Up to a point, of course.
If Copley’s grandchildren live in Iowa, they are among the 1,500 or so children being raised in households headed by some of the 5,800 same-sex couples in the state, according to a 2007 study by the UCLA School of Law. But Branstad doesn’t hold out much hope for those children.
“Children who grow up in a stable relationship where they have both a father and a mother are more likely to succeed, not to say single parents can’t raise children that end up being successful, but the, if you look at anything, juvenile delinquency, teenage pregnancy, just about any factor, drug abuse whatever, is less likely to occur if you have a stable, what we call normal home situation where you have a father and a mother to nurture the children.”

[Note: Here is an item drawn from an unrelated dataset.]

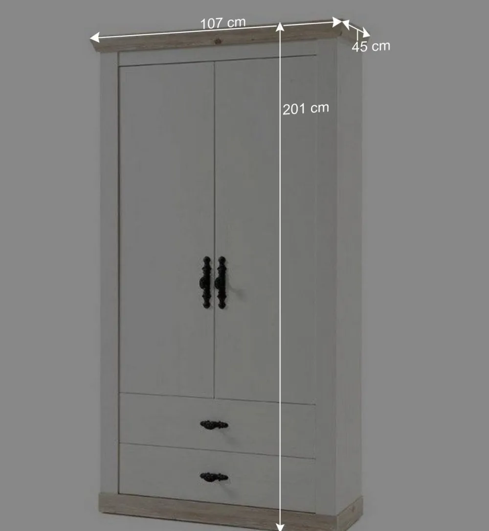 - Innen ein Konstruktionsboden mit ausziehbarer Kleiderstange und zwei Einlegeböden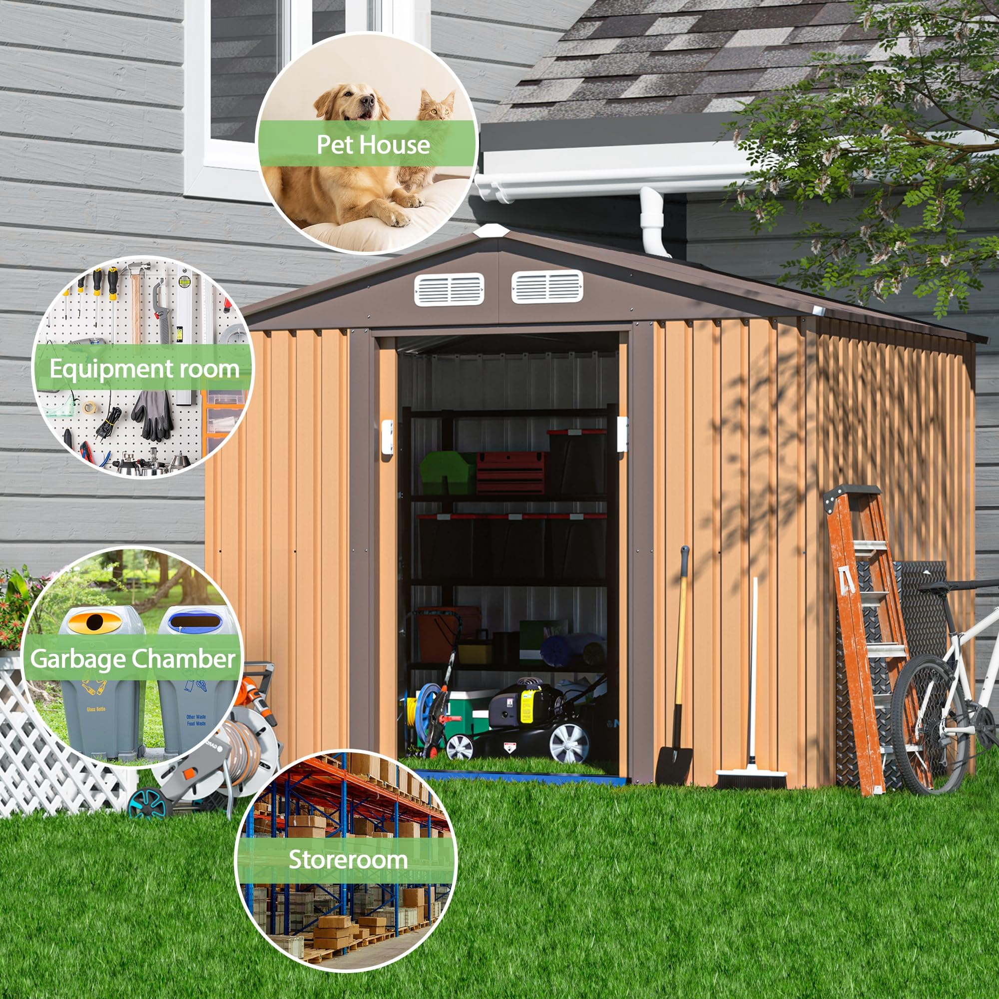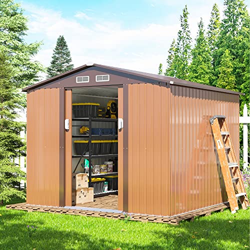 JAXPETY Sheds & Outdoor Storage 6×8 FT Garden Shed Tool Metal Outdoor Storage Shed with Sliding Doors for Backyard,Patio Coffee

Too bad about those grandkids, Grace.
But there’s hope. As a sign in a shop window in New York says, “Jesus had two daddies.”
A guy who knows his way around Republican politics says Branstad should just shut up about the issue. He should say he favors a Constitutional amendment that the people can vote on — that will never happen, of course — and get on to the economy, this guy says. In fact, the economy is working in Branstad’s favor, if you consider bad economic news good political news.
Little-noted figures released by the state last week put net receipts in January down 20.3 percent from a year before, a huge drop that just adds to the election-year woes of Culver. While a piece of that was due to timing of receipts, the drop was real and significant. Tax receipts from corporations dropped 50.7 percent in the month. Everything but the beer-tax receipts and money from fines dropped in January, so the state is still a long way from recovering. Through the first seven months of the fiscal year that ends June 30, the state’s net receipts are down 7.5 percent — $257 million — from a year before. So Culver’s budget for next year looks shaky at best. Add to that the fact that the savings from Culver’s reorganization plan will be but a fraction of the hoped-for number. Then throw in the fact that 40,000 fewer Iowans have jobs right now than had jobs a year ago. All that means Branstad can play offense and Culver will be on the defensive come November — assuming, of course, that Branstad beats Vander Plaats, which Skinny thinks will happen.
On the other hand, maybe Branstad should keep quiet about the economy, too. He told Dorman he’d “roll back” Medicaid, “which has been expanded to cover more people, including children.” And he “questioned why the state has expanded its public school responsibilities to include early childhood education.”
Which prompted Dorman to write: “Cutting Medicaid for kids and preschool programs is not where I’d start trimming government, but what do I know?”